As a result of the tragic drilling rig explosion and oil spill in the Gulf of Mexico on 20 April 2010, the second quarter included a pre-tax charge of $32.2 billion, which includes the $20 billion compensation claims fund. On an after-tax basis, the charge was about $22 billion (approximately $6.94 per ADS).
The principal sources for the income statement analysis were the earnings announcement, a supplemental press release, and the conference call presentation [pdf].
In a second article, we will report BP's scores as measured by the GCFR financial gauges. The follow-up post will also provide the latest figures for the various financial metrics we use to analyze Cash Management, Growth, Profitability and Value.
Before getting into the details, we will take a step back to introduce the subject of today's analysis.
BP p.l.c., the
Already large, BP became a behemoth by merging with Amoco in 1998 and acquiring Arco soon thereafter.
With operations that span the globe, BP produced 4 million barrel-of-oil equivalents per day in 2009, and its annual Revenue was $240 billion.
Please click here to see a full-sized, normalized depiction of the actual and projected results for the just-concluded quarter, as well as the quarterly Income Statements for the last couple of years. Please note that our organization of revenues, expenses, gains, and losses, which we use for all analyses, can and often does differ in material respects from company-used formats. The standardization facilitates cross-company comparisons.
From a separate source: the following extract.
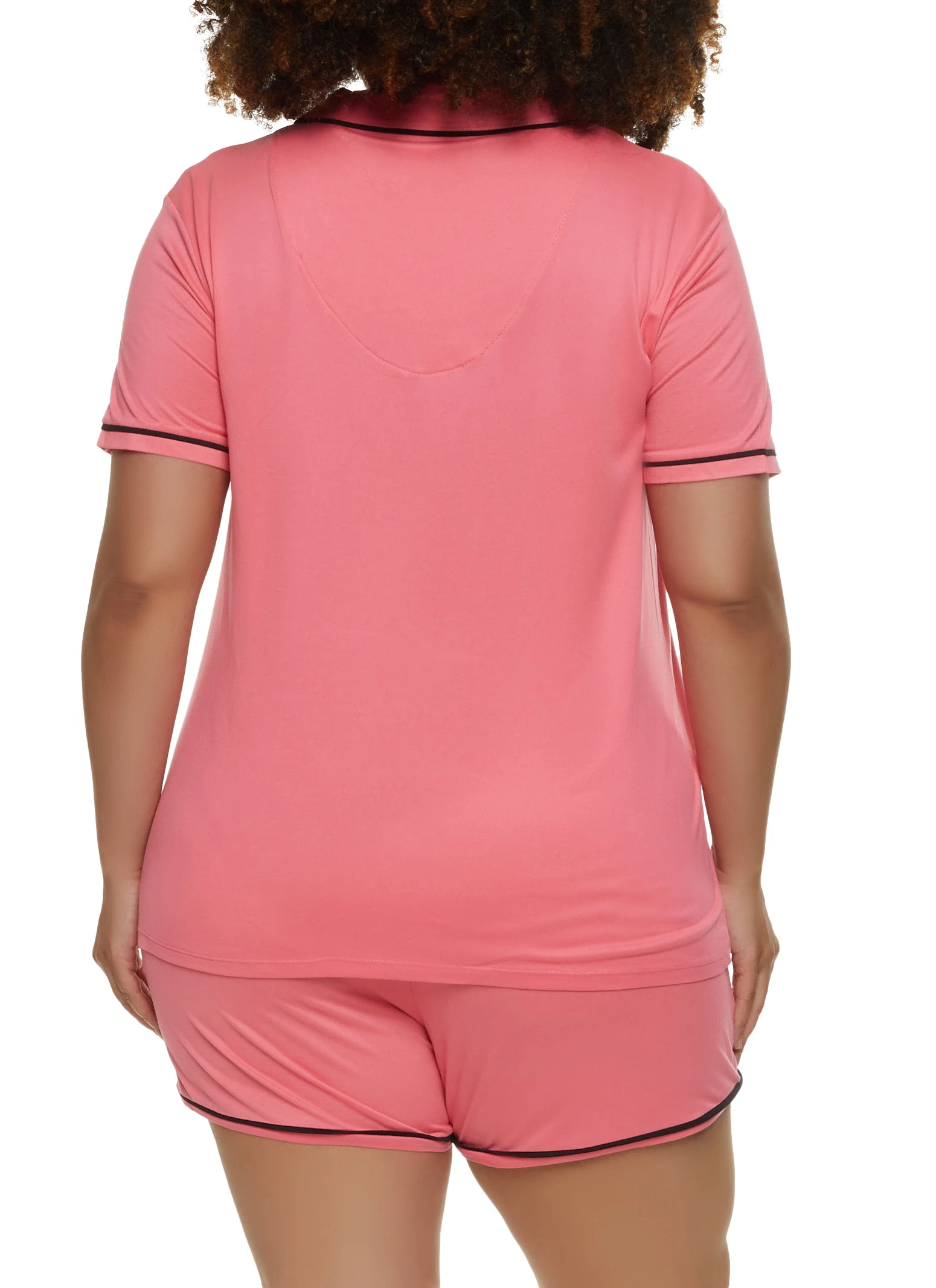 Plus Size Nap Queen Pajama Shirt and Shorts – PINK

Revenue (i.e., Sales and Other Operating Revenues) of $73.7 billion was 34.6 percent more than in the second quarter of 2009. The oil and gas prices realized by BP in the most recent quarter were 39.3 percent and 31.5 percent, respectively, higher than last year.
The Exploration and Production unit achieved sales of $15.2 billion, up from $12.8 billion in the June 2009 quarter. If sales to other BP units are excluded, Exploration and Production's sales rose from $5.3 billion to $6.2 billion.
Production in the quarter averaged 3,846 million barrel-of-oil equivalents per day, down 4 percent from the second quarter of last year. It's not clear how much of the production decline was due to the Gulf of Mexico disaster.
Refining and Marketing sales rose from $49.1 billion to $67.0 billion, excluding internal sales. BP's average Global Indicator Refining Margin improved from $4.98 to $5.49 per barrel. Refining availability improved from 93.6 percent to 94.6 percent.
Of the various costs and expenses reported by BP, we group (for simplicity) three items -- "Purchases," "Production and Manufacturing Expenses," and "Production and Similar Taxes" -- and call the combination Cost of Goods Sold. In the June 2010 quarter, we are excluding the $32.2 billion Gulf of Mexico charge (reported as a Production and Manufacturing Expense) from CGS and treating it as a special operating item. On this basis, CGS totaled $61.6 billion or 83.5 percent of Revenue.
The Depreciation (including Depletion and Amortization) expense of $2.8 billion was 10.1 percent less than last year's $3.1 billion. As a percentage of Revenue, this expense declined from 5.8 percent to 3.6 percent.
The Exploration expense in the first quarter, $132 million, was down considerably from last year's $437 million.
Distribution and Administration Expenses, which we treat as Sales, General, and Administrative expenses, decreased by 10.7 percent, from $3.3 billion to $2.9 billion.
The Other Operating Items category, a catchall grouping as we define it, is dominated by the $32.2 billion charge for the oil spill in the Gulf of Mexico. The charge includes "obligations for future costs which can be reliably estimated." Actual costs incurred through 30 June 2010 were $2.9 billion. The spill response involves more than 6,390 vessels and approximately 40,000 onshore people.
We treat sales of businesses and fixed assets (and related impairments) as a non-operating item. In the second quarter of 2010, BP has a $1.03 billion gain, net of impairments, on asset sales.
Interest and other financial items summed to a net expense of $56 million, down from $130 million in the year-earlier quarter. Our target for this item was $150 million.
BP recorded a $10.0 income tax benefit because of the $32.2 billion special charge. If the benefit is excluded, the estimated effective income tax rate was 39.6 percent. This rate is consistent with the company's historical results.
After-tax earnings from jointly controlled entities and associates added $915 million to the bottom line.
The overall loss for the quarter was $17.15 billion (minus $5.41/ADS), compared to income of $4.385 billion ($1.39/ADS) last year. If we exclude the special charge and tax benefit, BP earned $5.04 billion ($1.59/ADS).
Notes: Several figures above were extracted from the BP's Strategy Presentation [2.5 MB pdf] of 2 March 2010.